The state constitution says anyone can be bailed by “sufficient sureties,” unless they’re charged with a capital offense or felony when “proof is evident or the presumption great,” and if their release poses a risk to the community. The proposed amendment would remove that language, instead saying only that in setting bail, courts must consider public safety, the person’s criminal record, the likelihood they would flee and seriousness of their offense.
Swearingen has amended the resolution to add “any factor that the General Assembly may describe” to those conditions.
House Bill 607 echoes the language of the proposed constitutional amendment.
“In all cases, bail must be fixed with consideration of the seriousness of the offense charged, the previous criminal record of the defendant, and the probability of the defendant appearing at the trial of the case,” says an analysis from the state Legislative Research Commission. “The bill expands these factors to require that bail must be fixed with consideration of all relevant information, including the risk to public safety.”
State Sen.

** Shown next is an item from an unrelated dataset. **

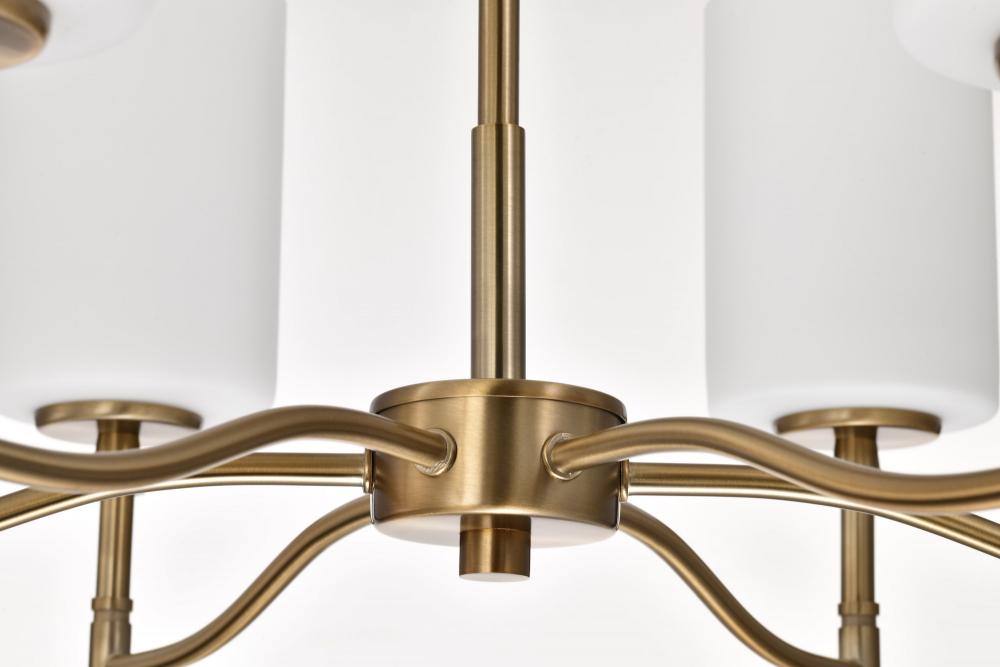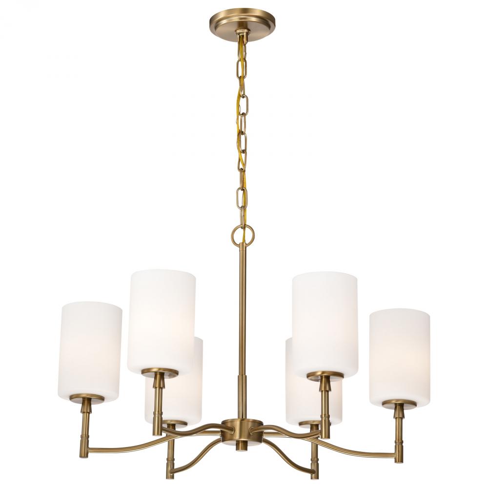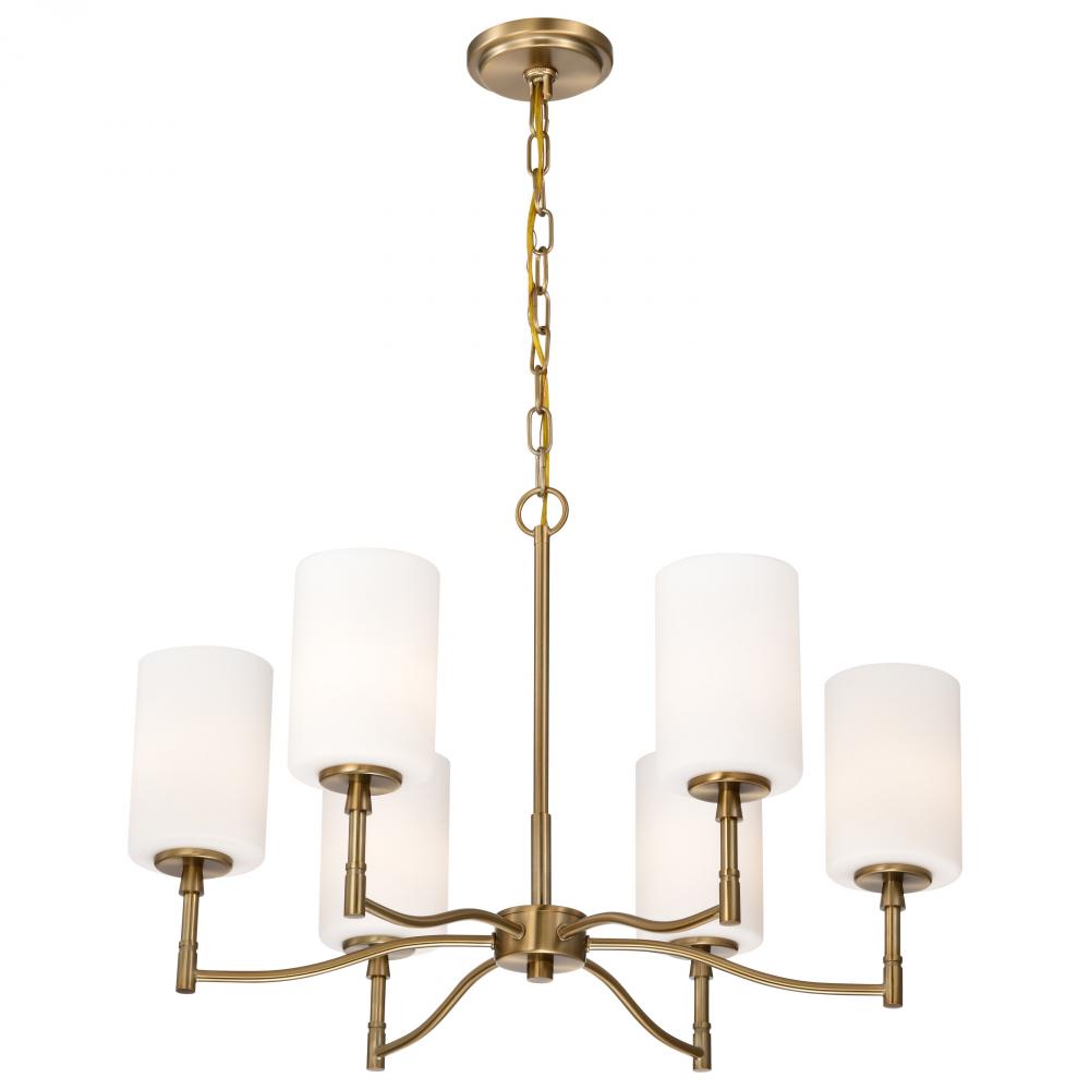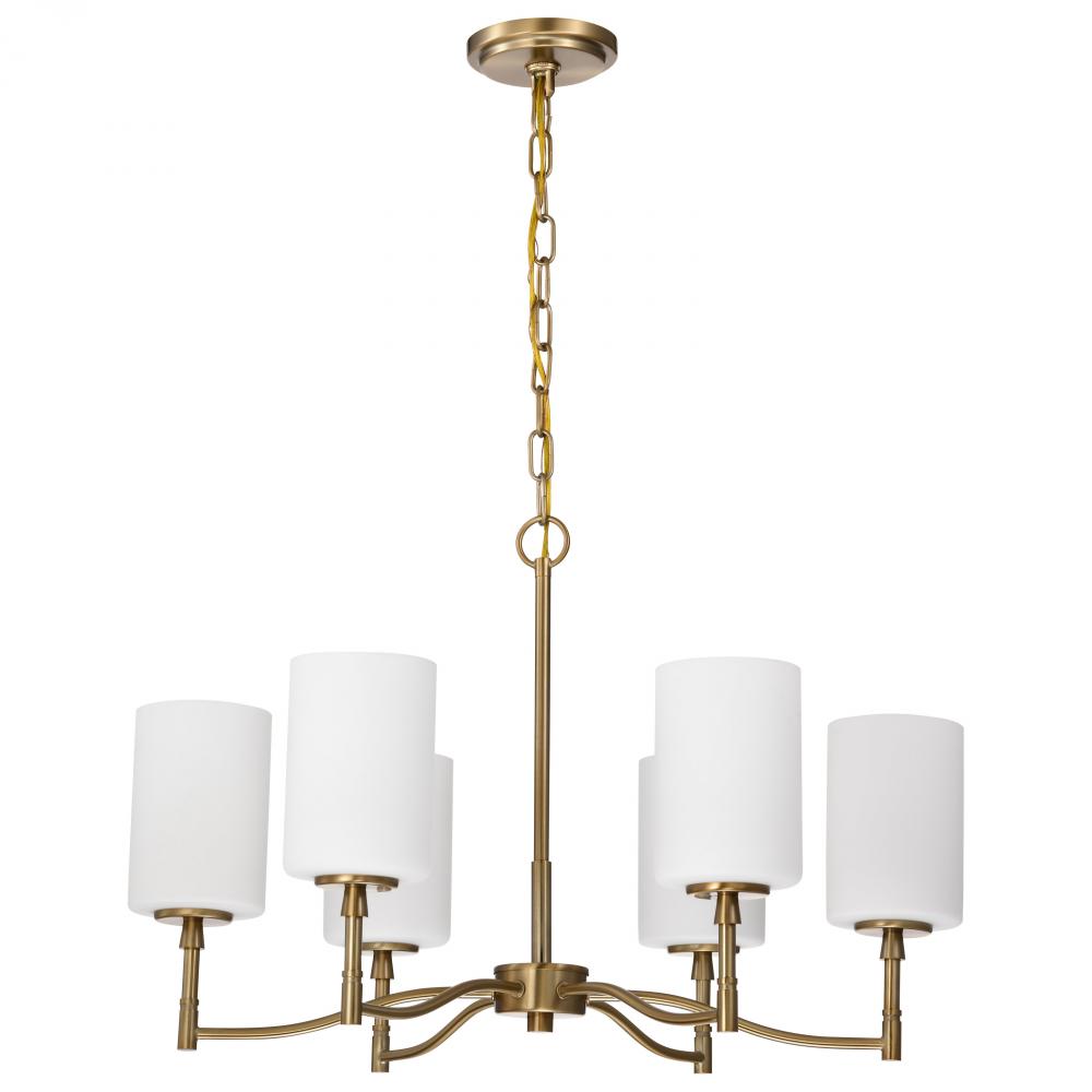 Seamlessly blending transitional design with contemporary accents, the Liam 60-8206 six light chandelier exudes understated elegance. A sophisticated burnished brass finish, perfectly complements the soft glow of white opal glass. With its broad appeal and

Theresa Gavarone, R-Huron, has introduced a companion to HJR 2. Senate Joint Resolution 5 had its first hearing in the Senate Judiciary Committee on May 1.
The ACLU of Ohio urged rejection of both measures. It supports a rival bill, House Bill 315, which is still in the House Criminal Justice Committee. That bill, sponsored by state Reps. David Leland, D-Columbus, and Brett Hillyer, R-Uhrichsville, seeks to end the wealth-based disparity in treatment created by someone’s ability to pay cash bail.
Leland said in committee his bill’s most important provision is a “massive expansion” of the rules for pretrial detention, adding more than 50 crimes to the list of those for which a judge would need to determine the risk that releasing a prisoner would pose to others.
A Senate bill matching HB 315, sponsored by state Sens. Rob McColley, R-Napoleon, and Steve Huffman, R-Tipp City, is in the Senate Judiciary Committee.